FIG. 6 is a vertical sectional view illustrating the change in the clearance between the wraps of two scroll members;

FIGS. 7 and 8 are illustrations of radial clearance δ_r (δrm) between the scroll wraps;

FIG. 9 is a vertical sectional view of a scroll fluid machine of the invention, showing the radial clearance between the wraps of two scroll members;

FIG. 10 is a vertical sectional view illustrating the positional relationship between the stationary scroll member and the orbiting scroll member;

FIG. 11 is a vertical sectional view of the orbiting scroll member;

FIG. 12 is a vertical sectional view of the stationary scroll member and the frame;

FIG. 13 is a vertical sectional view of another example of an orbiting scroll member;

FIG. 14 is a graph showing the relationship between the dimensionless back clearance and the volumetric efficiency;

FIG. 15 is a vertical sectional view of illustrating another positional relationship between the stationary scroll member and the frame;

FIG. 16 is a plan view of the frame;

FIG. 17 is a vertical sectional view corresponding to FIG. 15 but showing a different embodiment;

FIG. 18 is a graph corresponding to FIG. 5; and

FIGS. 19, 20 and 21 are vertical sectional views of different examples of stationary scroll members.

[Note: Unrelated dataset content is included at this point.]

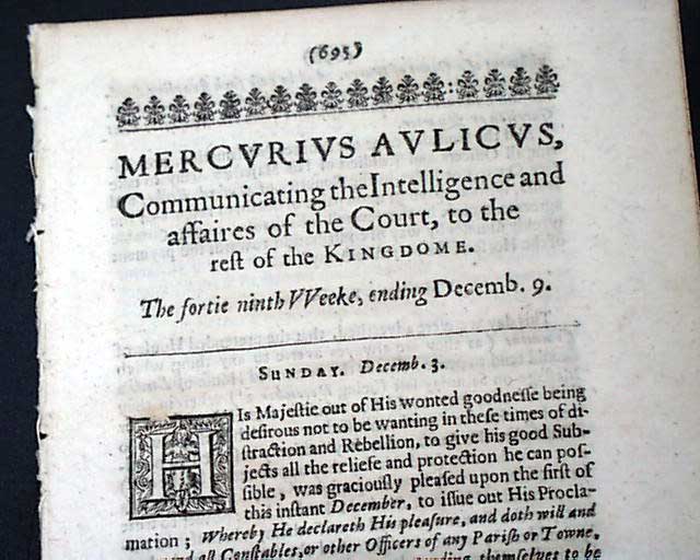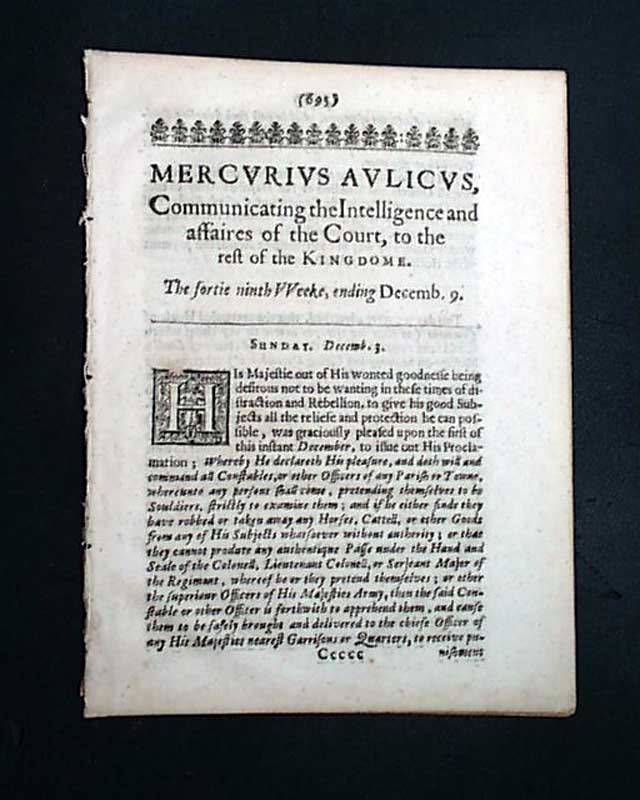 MERCURIUS AULICUS, Communicating the Intelligence and affaires of the Court, to the rest of the Kingdome. (Oxford), The fortie ninth Weeke, ending Decemb. 9 (December 2-9, 1643).

DESCRIPTION OF THE PREFERRED EMBODIMENTS

Referring now to the drawings wherein like reference numerals are used throughout the various views to designate like parts and, more particularly, to FIGS. 1 and 2, according to these figures, a hermetic scroll compressor 1 has a vertically elongated structure which includes a compressor section disposed in the upper part thereof, a motor section disposed in the lower part thereof and a hermetic housing 11 for housing the compressor and the motor section therein. The compressor section has a stationary scroll member 2 and an orbiting scroll member 3 which, in combination, constitute compressor elements, a member 4 for preventing the orbiting scroll member 3 from rotating about its own axis, and a main shaft 5 which has an eccentric or crankshaft portion 5' engaging the orbiting scroll member 3. The main shaft 5 is supported by three bearings including an orbiting bearing 6, fixed on the orbiting scroll member 3 and receiving the end of the crankshaft portion 5' of the main shaft 5, a main bearing 7, and an auxiliary bearing 8 disposed beneath the main bearing 7. The main bearing 7 and the auxiliary bearing 8 are fixed to a frame 9. The motor section disposed in the lower portion of the hermetic housing 11 includes an electric motor 10 having a stator secured to the wall of the housing 11 and a rotor the shaft of which constitutes the lower end portion of the main shaft 5.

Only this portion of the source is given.